▶ Your instructions:
Go through the records below and copy out every line that contains the word "with".

▶ Input data:
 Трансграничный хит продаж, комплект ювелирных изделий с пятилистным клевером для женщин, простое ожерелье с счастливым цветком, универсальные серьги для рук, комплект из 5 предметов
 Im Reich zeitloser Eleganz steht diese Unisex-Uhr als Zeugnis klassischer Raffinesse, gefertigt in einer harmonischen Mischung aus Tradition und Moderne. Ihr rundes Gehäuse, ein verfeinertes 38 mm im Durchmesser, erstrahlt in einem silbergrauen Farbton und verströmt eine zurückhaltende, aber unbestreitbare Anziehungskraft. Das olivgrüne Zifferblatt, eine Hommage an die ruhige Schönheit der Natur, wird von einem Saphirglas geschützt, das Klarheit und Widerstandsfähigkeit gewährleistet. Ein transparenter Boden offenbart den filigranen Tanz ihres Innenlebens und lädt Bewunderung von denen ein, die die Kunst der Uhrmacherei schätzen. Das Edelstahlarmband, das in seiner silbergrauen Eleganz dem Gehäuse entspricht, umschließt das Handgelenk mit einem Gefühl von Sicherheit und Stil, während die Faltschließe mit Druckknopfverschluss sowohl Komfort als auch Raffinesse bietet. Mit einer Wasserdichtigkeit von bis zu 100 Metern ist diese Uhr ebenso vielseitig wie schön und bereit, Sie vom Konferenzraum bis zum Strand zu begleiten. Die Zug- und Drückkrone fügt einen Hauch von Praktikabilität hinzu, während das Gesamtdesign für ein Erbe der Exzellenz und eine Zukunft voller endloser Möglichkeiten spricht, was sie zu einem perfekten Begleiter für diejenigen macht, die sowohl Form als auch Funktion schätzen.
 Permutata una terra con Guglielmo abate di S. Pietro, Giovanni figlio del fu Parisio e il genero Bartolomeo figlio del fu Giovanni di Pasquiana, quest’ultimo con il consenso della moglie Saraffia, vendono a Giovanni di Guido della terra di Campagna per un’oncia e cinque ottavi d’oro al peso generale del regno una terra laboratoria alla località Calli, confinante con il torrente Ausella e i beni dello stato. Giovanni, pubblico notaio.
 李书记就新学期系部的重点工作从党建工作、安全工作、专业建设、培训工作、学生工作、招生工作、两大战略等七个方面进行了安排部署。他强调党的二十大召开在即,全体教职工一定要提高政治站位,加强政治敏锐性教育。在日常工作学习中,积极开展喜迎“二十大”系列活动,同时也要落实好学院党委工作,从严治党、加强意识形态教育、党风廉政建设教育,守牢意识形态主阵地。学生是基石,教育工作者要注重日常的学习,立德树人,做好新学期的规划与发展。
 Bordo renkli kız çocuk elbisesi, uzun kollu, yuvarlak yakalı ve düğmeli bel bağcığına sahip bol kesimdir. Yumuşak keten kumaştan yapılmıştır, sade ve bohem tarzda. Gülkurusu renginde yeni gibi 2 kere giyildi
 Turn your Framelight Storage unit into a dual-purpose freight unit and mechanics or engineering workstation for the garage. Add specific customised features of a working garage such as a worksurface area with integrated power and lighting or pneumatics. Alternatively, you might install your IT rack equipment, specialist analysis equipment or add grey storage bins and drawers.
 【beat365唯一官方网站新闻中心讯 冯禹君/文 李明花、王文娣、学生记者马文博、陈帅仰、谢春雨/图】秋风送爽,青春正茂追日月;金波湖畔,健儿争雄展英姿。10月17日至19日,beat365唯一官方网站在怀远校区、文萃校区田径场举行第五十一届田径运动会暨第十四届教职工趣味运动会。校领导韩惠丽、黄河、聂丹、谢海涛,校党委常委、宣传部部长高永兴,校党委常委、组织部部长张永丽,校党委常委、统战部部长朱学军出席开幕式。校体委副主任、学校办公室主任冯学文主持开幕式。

...

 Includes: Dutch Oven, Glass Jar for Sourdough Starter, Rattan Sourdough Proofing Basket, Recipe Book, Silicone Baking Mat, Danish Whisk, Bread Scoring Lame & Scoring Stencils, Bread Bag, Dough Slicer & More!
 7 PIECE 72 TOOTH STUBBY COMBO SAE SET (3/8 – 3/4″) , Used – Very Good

...

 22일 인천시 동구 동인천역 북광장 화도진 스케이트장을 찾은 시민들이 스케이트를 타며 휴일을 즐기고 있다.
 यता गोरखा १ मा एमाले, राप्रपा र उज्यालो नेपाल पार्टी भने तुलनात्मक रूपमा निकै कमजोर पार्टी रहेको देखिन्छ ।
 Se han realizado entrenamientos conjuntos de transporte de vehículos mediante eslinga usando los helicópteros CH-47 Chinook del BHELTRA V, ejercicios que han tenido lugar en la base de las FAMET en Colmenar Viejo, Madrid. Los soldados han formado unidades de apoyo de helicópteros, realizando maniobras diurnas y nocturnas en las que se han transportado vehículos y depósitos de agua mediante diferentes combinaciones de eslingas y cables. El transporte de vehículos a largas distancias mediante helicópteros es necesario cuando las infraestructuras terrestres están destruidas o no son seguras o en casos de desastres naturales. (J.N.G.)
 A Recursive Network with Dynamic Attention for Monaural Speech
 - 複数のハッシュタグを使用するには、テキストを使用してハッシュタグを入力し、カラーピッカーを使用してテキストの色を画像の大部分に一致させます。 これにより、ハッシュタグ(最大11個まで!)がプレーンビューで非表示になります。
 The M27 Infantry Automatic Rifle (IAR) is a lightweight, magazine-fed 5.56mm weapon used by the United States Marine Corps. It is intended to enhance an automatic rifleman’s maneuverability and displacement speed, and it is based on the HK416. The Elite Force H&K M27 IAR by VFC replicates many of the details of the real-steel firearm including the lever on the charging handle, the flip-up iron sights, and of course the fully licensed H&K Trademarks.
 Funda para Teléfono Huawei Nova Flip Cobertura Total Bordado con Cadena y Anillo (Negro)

▶ Exercise solution:
 Turn your Framelight Storage unit into a dual-purpose freight unit and mechanics or engineering workstation for the garage. Add specific customised features of a working garage such as a worksurface area with integrated power and lighting or pneumatics. Alternatively, you might install your IT rack equipment, specialist analysis equipment or add grey storage bins and drawers.
 A Recursive Network with Dynamic Attention for Monaural Speech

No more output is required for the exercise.